I am still struggling to get my head around QFT and whilst I think I understand the method of generating functionals to compute correlation functions (as in my question here), my course notes often use Wick's theorem for calculations, and I'd really like to understand how that works.

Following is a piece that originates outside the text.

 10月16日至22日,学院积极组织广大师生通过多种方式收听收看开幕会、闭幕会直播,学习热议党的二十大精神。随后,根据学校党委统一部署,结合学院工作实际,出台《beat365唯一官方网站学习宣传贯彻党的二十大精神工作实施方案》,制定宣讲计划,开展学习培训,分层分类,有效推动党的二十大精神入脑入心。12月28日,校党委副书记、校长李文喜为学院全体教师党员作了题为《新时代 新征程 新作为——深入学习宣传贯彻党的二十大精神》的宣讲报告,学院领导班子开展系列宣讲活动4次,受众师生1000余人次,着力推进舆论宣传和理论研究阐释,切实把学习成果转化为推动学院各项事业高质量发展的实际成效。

So if I return to the standard example of scalar Yukawa theory with interaction Lagrangian:
$$\mathcal{L}_{\text{int}}=-g\psi^{\dagger}\psi\phi$$
I would like to know how to compute quantities like:
$$\langle \Omega|T[\psi^{\dagger}(x)\psi(y)\phi(z)]|\Omega\rangle$$
Where $T[…]$ represents the time-ordering operator. My understanding is that this can be expressed as:
$$\langle \Omega|T[\psi^{\dagger}(x)\psi(y)\phi(z)]|\Omega\rangle = \lim_{t\to\infty}\frac{\langle0|T[\psi_{I}^{\dagger}(x)\psi_{I}(y)\phi_{I}(z)\exp\left(-i\int_{-t}^{t}\mathcal{H}_{\text{int}}\:\mathrm{d}^{4}s\right)]|0\rangle}{\langle0|T[\exp\left(-i\int_{-t}^{t}\mathcal{H}_{\text{int}}\:\mathrm{d}^{4}s\right)]|0\rangle}$$
We can expand the exponential to (arbitrarily) first-order in $g$:
$$\langle0|T[\psi_{I}^{\dagger}(x)\psi_{I}(y)\phi_{I}(z)\exp\left(-i\int_{-t}^{t}\mathcal{H}_{\text{int}}\:\mathrm{d}^{4}s\right)]|0\rangle = \langle 0|T\left[\psi_{I}^{\dagger}(x)\psi_{I}(y)\phi_{I}(z)(1-ig\int_{-t}^{t}\psi_{I}^{\dagger}(s)\psi_{I}(s)\phi_{I}(s)\:\mathrm{d}^{4}s)\right]|0\rangle$$
By Wick's theorem, the zeroth order in $g$ has only 3 operators and so will inevitably yield a contribution of 0. The second gives:
$$\langle0|\int_{-t}^{t}T[\psi_{I}^{\dagger}(x)\psi_{I}(y)\phi_{I}(z)\psi_{I}^{\dagger}(s)\psi_{I}(s)\phi_{}(s)]\:\mathrm{d}^{4}s|0\rangle$$
However, I'm not sure what the best way to proceed is. I can use Wick's theorem to expand the time-ordered string of operators in terms of products of operators, but then where do I go?
Best Answer
In your example there's two contractions giving two terms. Its amplitude is
$$ \left< \psi^{\dagger}_a(x) \psi^b(y) \phi(z) \right> = -i \lambda \int d^4 s \, \Delta_M(z - s) \Delta_m(y-s)^b_{\;c} \Delta_m(x-s)^c_{\;a} $$ $$ - i \lambda \int d^4 s \Delta_M(x - y) ^b_{\;a} \Delta_M(0)^c_{\;c} \Delta_m(s-x) + \mathcal{O}\left(\lambda^2\right). $$
How can I see that this is true? The algorithm is pretty simple, actually:
You have a term corresponding to each possible contraction. A contraction is a diagram where pairs of $(\psi^{\dagger}, \psi)$ and $(\phi, \phi)$ are replaced by the corresponding propagators.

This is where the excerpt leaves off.